Highlighting flaws

Have you ever watched reality TV shows on hoarders? I'm fascinated by these people. They ruin their homes and their lives hoarding stuff. According to the shows, it always seems to stem from some tragic event that made something "go off" (for lack of a better term) in these people's mind and they just gave up on cleaning and started keeping everything because they felt they needed it or that these things were precious. They can't even let go of items that are damaged beyond use.

Years of hoarding has a serious impact on these people's lives in more ways than one. All the stuff eats away at their home damaging the structure - literally and figuratively. I've seen shows where the situation was so bad that they actually had to condemn the house.

Now I've said it before and I'll say it again, I was nowhere near to qualifying as a hoarder. I just had a lot of stuff. Since embarking on my minimalism journey, something's been going on. I have less stuff in the way distracting me from old pains that haven't completely healed. I've found that as I was getting rid of stuff (material possessions, expectations, relationships), I've exposed the "structural damage" that the years of neglect and denial have had on my life. Now there's not much else left to do than to face them.

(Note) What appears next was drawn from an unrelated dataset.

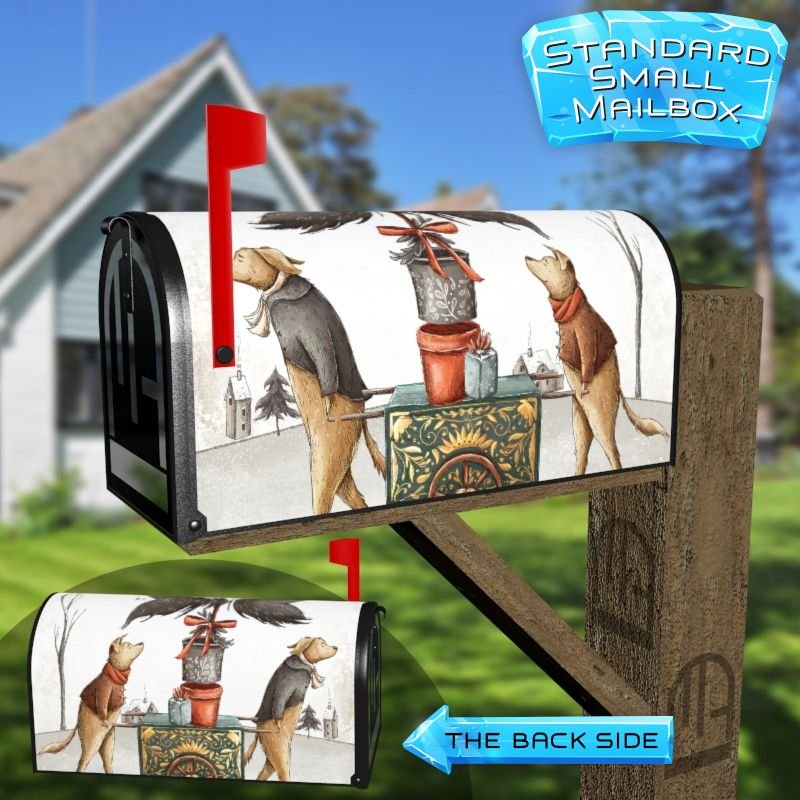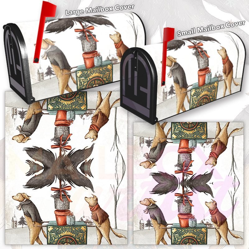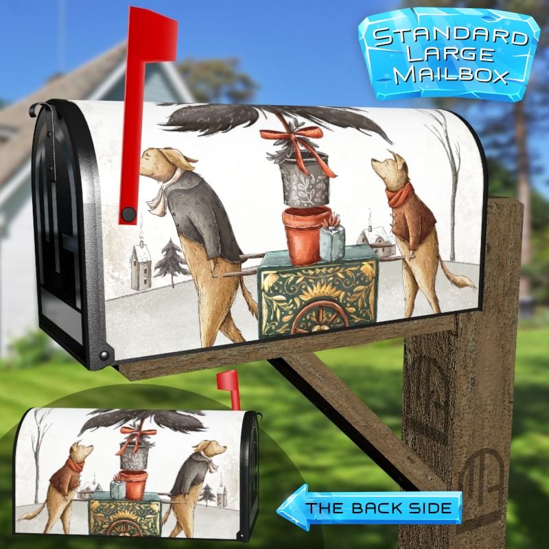 Dressing up your rural farm mailbox with the Vintage Christmas Dogs #1 mailbox cover is an easy way to convert it into a unique and special item. These covers require a smooth surface, so they are compatible with rural farm mailboxes that do not have any embossed decorations or signs. Magnetic mailbox covers work with steel boxes only, while self-adhesive vinyl covers are available for aluminum, plastic and steel boxes. If your mailbox is not compatible with these covers, you can purchase a brand new mailbox with a preinstalled cover. Additionally, you have the option to create a custom rural farm mailbox cover with your own pictures, name, street number, etc.

I don't remember exactly where I first read about this, but there's this ancient Japanese art form that mends broken vases using a bonding agent containing gold, silver or platinum. It's called Kintsugi. According to Wikipedia, "the philosophy behind it is to treat breaks and repairs as part of the history of an object, rather than something to disguise". Highlighting the flaws as part of the piece's beauty. Oh how our lives would be different if we treated ourselves and others in this way!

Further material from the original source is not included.